According to Christian, the Trump Organization was already working with environmental consultants before the District’s investigation began.
“Mr. Trump has not broken any laws. He perfectly has the right to remove the trees in his land,” Christian said. “Our relationship with Trump’s organization was amicable, and they were very cooperative.”
Glen Barbour, communications officer of the Office of the County Administrator of Loudoun, also confirmed that the county’s zoning regulations did not prohibit the removal of trees along the Potomac.
Prior to the investigation, then-Vice Chairman of the Conservation District Chris Simmons criticized the tree-planting, expressing concern that it did not protect the waterway and that county residents would face increased pollutants and sediments.
However, Simmons ended the investigation in November 2011 and told the Loudoun Times-Mirror that the study evolved into a cooperative partnership with Trump.
“The Trump organization feels very strongly that there is a lot of common ground and that conservation is a sound business practice and is open and eager to work with us, and we are happy to partner with them on conservation riparian practices here in the county,” Simmons said.
The Loudoun County government also recommended the club replant the removed trees, but did not have the regulatory authority to require such action.

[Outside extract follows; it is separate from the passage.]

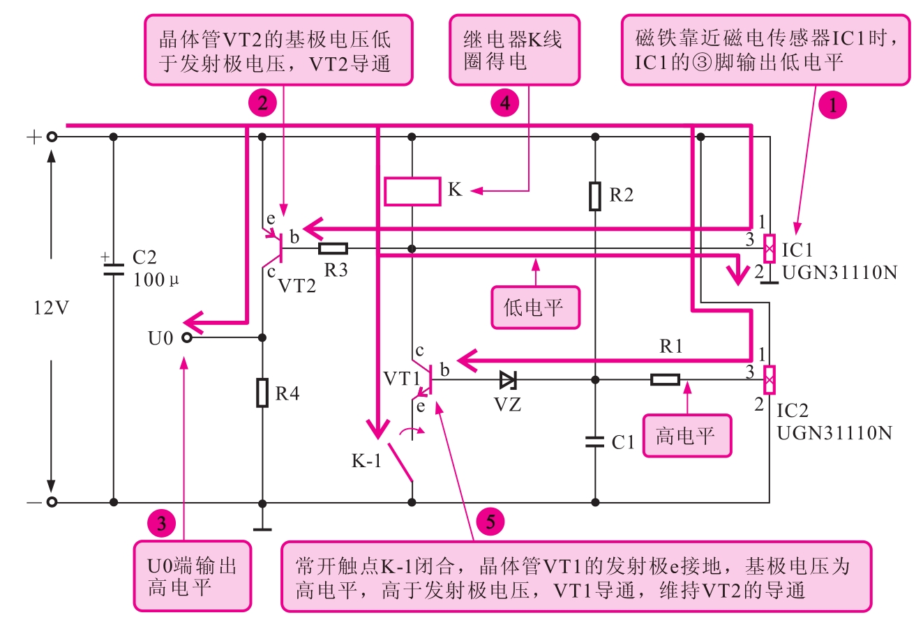 当磁铁离开磁电传感器IC1靠近IC2时,磁电传感器IC1的③脚输出高电平,IC2的③脚输出低电平,稳压二极管将VT1基极钳位在低电平,进而使晶体管VT1截止,继电器K线圈失电,常开触点K-1复位断开。此时晶体管VT2的基极变为高电平,VT2截止,U0端输出低电平。

Potomac Environment Research and Education Center Associate Director Dann Sklarew said he doubted that 500 trees alone would make a substantial impact on the ecology of the 400 mile-long river.
However, Sklarew also raised concerns that converting land into a golf club can pose an even greater threat to the environment, since large-scale clubs often use artificial fertilizer to keep landscapes green.
“If that fertilizer is applied close to the river … then it may adversely affect the nutrient balance there or downstream,” Sklarew wrote in an email to The Hoya.
Brett Walls, a member of environmental nonprofit Potomac Riverkeeper Network, also said that a use of fertilizers may become a larger problem than soil erosion.
“Compared to what comes downstream from up the river, [the erosion of the riverbank] is going to be pretty minute,” Walls said.
The Trump National Golf Club did not respond to requests for comment.